Which lines in the records below contain the word "كاسياس"? Return each of them.

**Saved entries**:
--- START ---
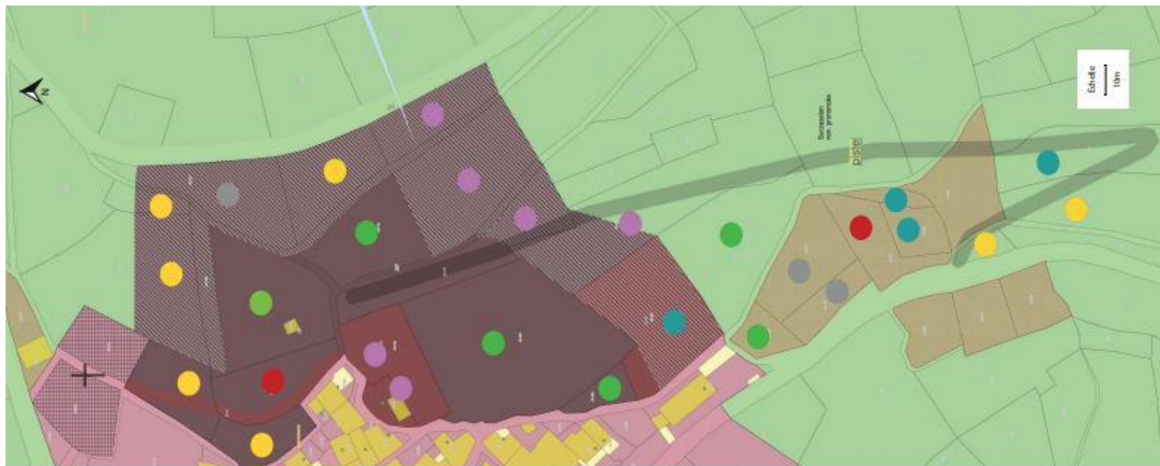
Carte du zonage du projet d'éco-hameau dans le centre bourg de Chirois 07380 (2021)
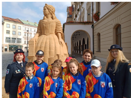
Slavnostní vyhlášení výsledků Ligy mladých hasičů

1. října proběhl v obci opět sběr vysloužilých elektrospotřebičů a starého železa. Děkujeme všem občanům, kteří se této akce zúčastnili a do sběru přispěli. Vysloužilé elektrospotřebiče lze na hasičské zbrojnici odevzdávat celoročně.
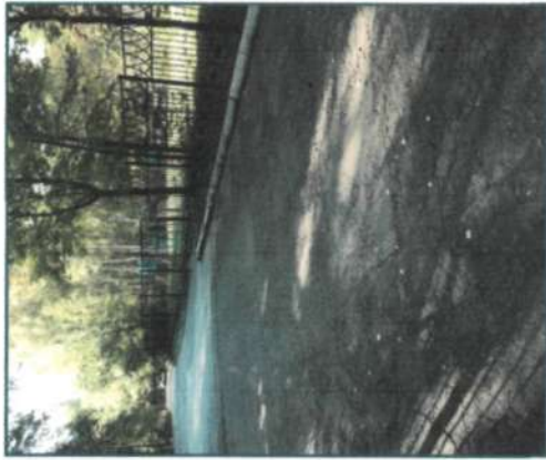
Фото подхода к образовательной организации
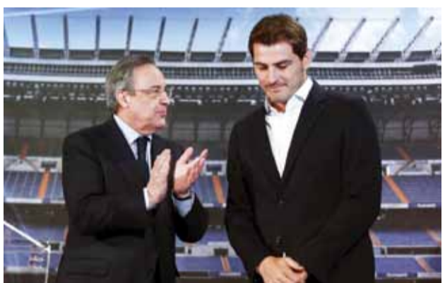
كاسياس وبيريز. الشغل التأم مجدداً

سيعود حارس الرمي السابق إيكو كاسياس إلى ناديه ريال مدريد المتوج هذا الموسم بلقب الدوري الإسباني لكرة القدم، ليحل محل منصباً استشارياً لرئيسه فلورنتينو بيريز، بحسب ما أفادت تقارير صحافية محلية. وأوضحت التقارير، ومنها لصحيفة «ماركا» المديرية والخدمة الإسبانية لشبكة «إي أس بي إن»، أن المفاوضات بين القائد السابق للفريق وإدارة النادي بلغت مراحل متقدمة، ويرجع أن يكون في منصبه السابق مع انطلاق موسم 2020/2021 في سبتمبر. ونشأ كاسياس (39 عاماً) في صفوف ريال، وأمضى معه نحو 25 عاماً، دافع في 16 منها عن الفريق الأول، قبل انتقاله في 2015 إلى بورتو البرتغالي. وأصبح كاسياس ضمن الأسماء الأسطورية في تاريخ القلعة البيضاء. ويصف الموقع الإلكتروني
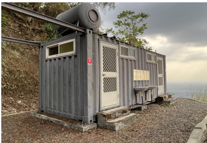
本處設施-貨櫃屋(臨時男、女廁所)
--- END ---
**WRITTEN REPLY**:
كاسياس وبيريز. الشغل التأم مجدداً
سيعود حارس الرمي السابق إيكو كاسياس إلى ناديه ريال مدريد المتوج هذا الموسم بلقب الدوري الإسباني لكرة القدم، ليحل محل منصباً استشارياً لرئيسه فلورنتينو بيريز، بحسب ما أفادت تقارير صحافية محلية. وأوضحت التقارير، ومنها لصحيفة «ماركا» المديرية والخدمة الإسبانية لشبكة «إي أس بي إن»، أن المفاوضات بين القائد السابق للفريق وإدارة النادي بلغت مراحل متقدمة، ويرجع أن يكون في منصبه السابق مع انطلاق موسم 2020/2021 في سبتمبر. ونشأ كاسياس (39 عاماً) في صفوف ريال، وأمضى معه نحو 25 عاماً، دافع في 16 منها عن الفريق الأول، قبل انتقاله في 2015 إلى بورتو البرتغالي. وأصبح كاسياس ضمن الأسماء الأسطورية في تاريخ القلعة البيضاء. ويصف الموقع الإلكتروني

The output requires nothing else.